A week before Mardi Gras, and after five days of increasing tensions between the Morial administration and police, the captains of 18 krewes -- after meeting in a joint session at the Downtown Howard Johnson's -- issued a statement. This time, it wasn't the traditional proclamation of their parade dates or that of their annual bal masques.
The front page of The Times-Picayune of
Feb. 21, 1979, announcing the cancellation of Mardi Gras festivities in New Orleans due to a lingering police strike. (File image)Mike Scott, NOLA.com | The Times-Picayune
This time, their message was more dire: Carnival 1979 would be cancelled.
As much as the police wanted to blame the administration, which had repeatedly made concessions during negotiations with the union, public sentiment had turned -- and it wasn't in favor of the cops or the Teamsters.

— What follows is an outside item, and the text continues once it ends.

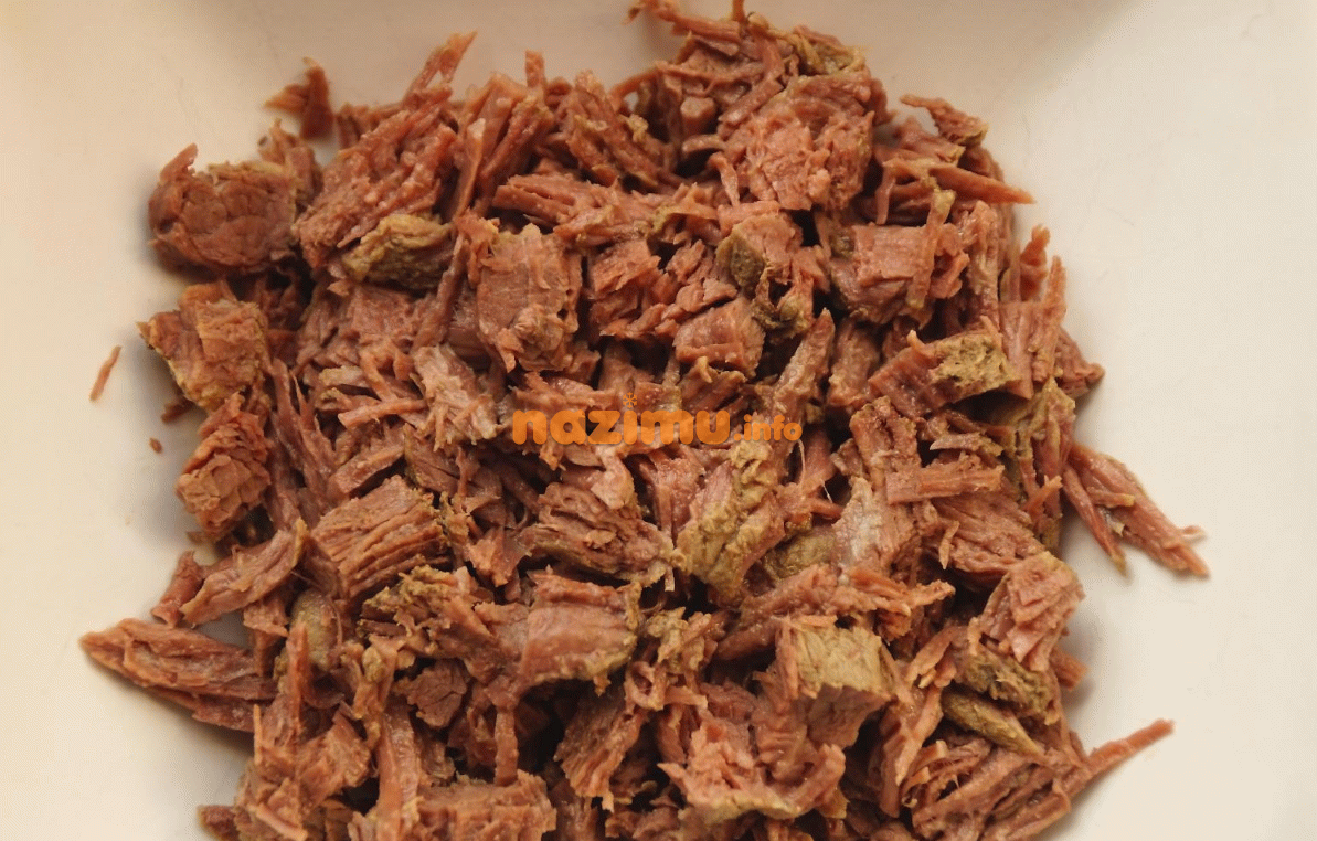 - Говяжья мякоть – 200-250 г. (отварная, но не пересушенная).

"Nothing but harm can come to the spirit of New Orleans' Mardi Gras through the day-by-day suspense of cancellation, dependent upon the final judgment by out-of-town union leaders," the krewe captains wrote.
They continued: "It is wrong to use Mardi Gras as blackmail in this dispute. The same procedure can be used each year and we are not going to let our organizations be puppets in such a plan. Therefore, we cancel our parades in New Orleans."

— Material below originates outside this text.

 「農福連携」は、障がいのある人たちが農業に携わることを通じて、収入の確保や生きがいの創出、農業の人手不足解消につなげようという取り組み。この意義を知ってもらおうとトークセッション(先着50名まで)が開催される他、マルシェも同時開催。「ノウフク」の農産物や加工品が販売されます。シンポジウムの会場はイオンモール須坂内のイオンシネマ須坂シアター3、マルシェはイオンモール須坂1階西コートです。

A front-page editorial headlined "City Under Siege" further excoriated the Teamsters and the out-of-town union leaders who were described as fanning the flames of police officer discontent.
"To the strikers goes the blame for the terrible turn that events have now had to take," the editorial read, "and they are wrecking themselves in the eyes of the very public on whom they are dependent for the tax dollars needed now and the future."